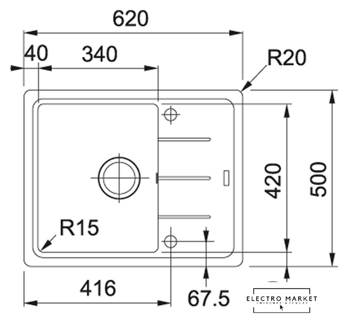 врезная на столешницу, искусственный камень, размеры: 62x50 см, в шкаф 45 см
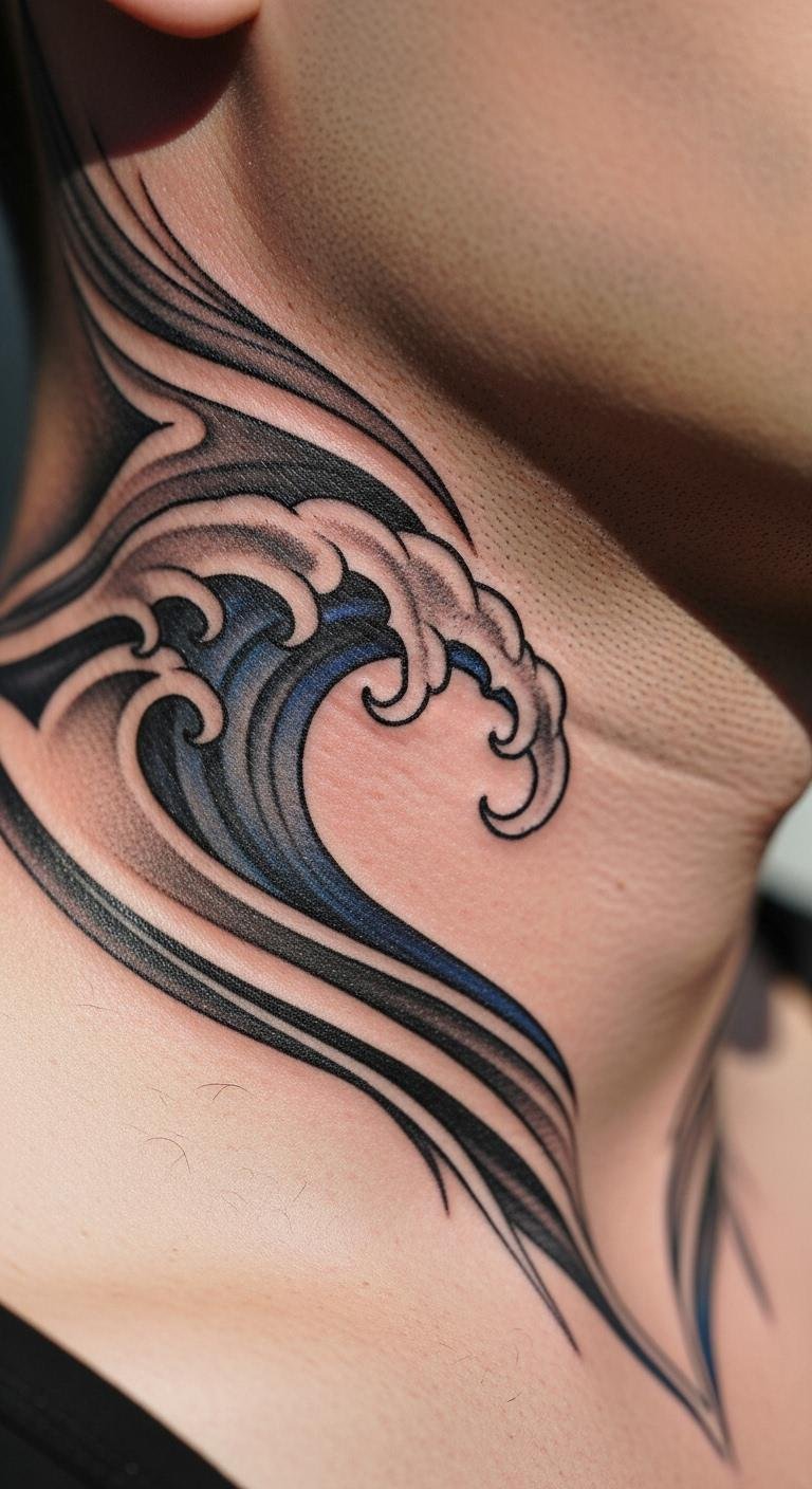 Waves bring motion to your neck. Draw curves on paper to start. Free and easy with a pencil. Position on the side for impact. Simple abstracts save money. Find deals at walk-in parlors. Care with daily lotion. The design adds a fresh feel.
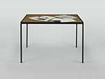 - Medium: Oil and graphite painting on canvas mounted on wood. Painting enclosed in a steel and glass table.
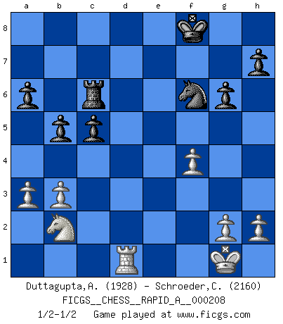 Last move : 1/2-1/2 2018 March 16 15:25:56 [Event "FICGS__CHESS__RAPID_A__000208"] [Site "FICGS"] [Date "2018.01.10"] [Round "1"] [White "Duttagupta,Aniruddha"] [Black "Schroeder,Christoph"] [Result "1/2-1/2"] [WhiteElo "1928"] [BlackElo "2160"] 1.d4 d5 2.c4 e6 3.Nc3 c6 4.e3 f5 5.Bd3 Nf6 6.Nge2 Bd6 7.f3 O-O 8.Qc2 dxc4 9.Bxc4 Kh8 10.Bd2 e5 11.Bd3 c5 12.dxe5 Bxe5 13.a3 Nc6 14.Rd1 Ne7 15.O-O Be6 16.f4 Bd6 17.b3 a6 18.Ng3 Qc8 19.Bc1 Bc7 20.Na4 b6 21.Bb2 Qe8 22.Rfe1 Qf7 23.Bc4 Bxc4 24.Qxc4 Nfd5 25.Qe2 Kg8 26.Nh5 g6 27.Ng3 Rfd8 28.Ba1 Kf8 29.Qb2 Rac8 30.Rd2 Ng8 31.Qh8 Ndf6 32.Rde2 Re8 33.e4 fxe4 34.Nxe4 Nxe4 35.Rxe4 Rxe4 36.Rxe4 Bd8 37.Re1 Rc6 38.Rd1 Bf6 39.Bxf6 Qxf6 40.Qxf6+ Nxf6 41.Nb2 b5 1/2-1/2 QGD : Semi-Slav Kingside Castling by player Black (move 7) Kingside Castling by player White (move 15) This chess game ended in a draw. Follow this game move after move (download)The passion for playing Chess is one of the most unaccountable in the world. (H.G. Wells) Bis zum Jahr 1971 verlief in meiner Schachkariere alles glatt. Dieses dramatische Match [Fischer-Taimanov 6:0] machte mein Leben zur Hölle. (Mark Taimanov) No hay otro maestro que tenga una voluntad terrífica de ganar. Al tablero, el irradía peligro y aún los oponentes mas fuertes tienden a congelarse como liebres cuando olfatean a una pantera. Aún sus debilidades son peligrosas. Con las blancas, su juego de apertura es predecible - te es posible hacer planes en su contra - pero es tan fuerte que tus planes casi nunca funcionan. En el juego medio, su precisión e invención son fabulosas y en finales, tú simplemente no le puedes vencer. (Experto Alemán anónimo) Votre seul travail dans les ouvertures est d'obtenir un milieu de partie jouable. (Lajos Portish) Mac users swear by their computers. PC users swear at their computers. (Author unknown)
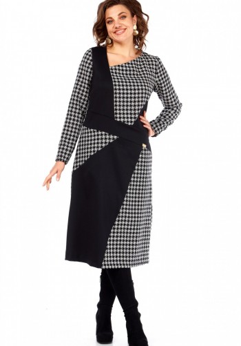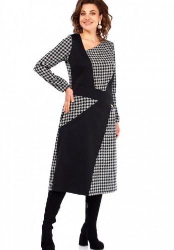 Джемпер из тонкого вискозного эластичного полотна. По переду нагрудные выточки, спинка с центральным швом. Горловина круглая, спереди обработана обтачкой с декоративным кантом. Рукав втачной, длинный. Длина по спинке – 61 (+/-1) см. Длина рукава – 58 см.

What you should do :: In your answer, set down the full listing word for word and include no pictures.

Completed task ::
 врезная на столешницу, искусственный камень, размеры: 62x50 см, в шкаф 45 см
 Waves bring motion to your neck. Draw curves on paper to start. Free and easy with a pencil. Position on the side for impact. Simple abstracts save money. Find deals at walk-in parlors. Care with daily lotion. The design adds a fresh feel.
 - Medium: Oil and graphite painting on canvas mounted on wood. Painting enclosed in a steel and glass table.
 Last move : 1/2-1/2 2018 March 16 15:25:56 [Event "FICGS__CHESS__RAPID_A__000208"] [Site "FICGS"] [Date "2018.01.10"] [Round "1"] [White "Duttagupta,Aniruddha"] [Black "Schroeder,Christoph"] [Result "1/2-1/2"] [WhiteElo "1928"] [BlackElo "2160"] 1.d4 d5 2.c4 e6 3.Nc3 c6 4.e3 f5 5.Bd3 Nf6 6.Nge2 Bd6 7.f3 O-O 8.Qc2 dxc4 9.Bxc4 Kh8 10.Bd2 e5 11.Bd3 c5 12.dxe5 Bxe5 13.a3 Nc6 14.Rd1 Ne7 15.O-O Be6 16.f4 Bd6 17.b3 a6 18.Ng3 Qc8 19.Bc1 Bc7 20.Na4 b6 21.Bb2 Qe8 22.Rfe1 Qf7 23.Bc4 Bxc4 24.Qxc4 Nfd5 25.Qe2 Kg8 26.Nh5 g6 27.Ng3 Rfd8 28.Ba1 Kf8 29.Qb2 Rac8 30.Rd2 Ng8 31.Qh8 Ndf6 32.Rde2 Re8 33.e4 fxe4 34.Nxe4 Nxe4 35.Rxe4 Rxe4 36.Rxe4 Bd8 37.Re1 Rc6 38.Rd1 Bf6 39.Bxf6 Qxf6 40.Qxf6+ Nxf6 41.Nb2 b5 1/2-1/2 QGD : Semi-Slav Kingside Castling by player Black (move 7) Kingside Castling by player White (move 15) This chess game ended in a draw. Follow this game move after move (download)The passion for playing Chess is one of the most unaccountable in the world. (H.G. Wells) Bis zum Jahr 1971 verlief in meiner Schachkariere alles glatt. Dieses dramatische Match [Fischer-Taimanov 6:0] machte mein Leben zur Hölle. (Mark Taimanov) No hay otro maestro que tenga una voluntad terrífica de ganar. Al tablero, el irradía peligro y aún los oponentes mas fuertes tienden a congelarse como liebres cuando olfatean a una pantera. Aún sus debilidades son peligrosas. Con las blancas, su juego de apertura es predecible - te es posible hacer planes en su contra - pero es tan fuerte que tus planes casi nunca funcionan. En el juego medio, su precisión e invención son fabulosas y en finales, tú simplemente no le puedes vencer. (Experto Alemán anónimo) Votre seul travail dans les ouvertures est d'obtenir un milieu de partie jouable. (Lajos Portish) Mac users swear by their computers. PC users swear at their computers. (Author unknown)
 Джемпер из тонкого вискозного эластичного полотна. По переду нагрудные выточки, спинка с центральным швом. Горловина круглая, спереди обработана обтачкой с декоративным кантом. Рукав втачной, длинный. Длина по спинке – 61 (+/-1) см. Длина рукава – 58 см.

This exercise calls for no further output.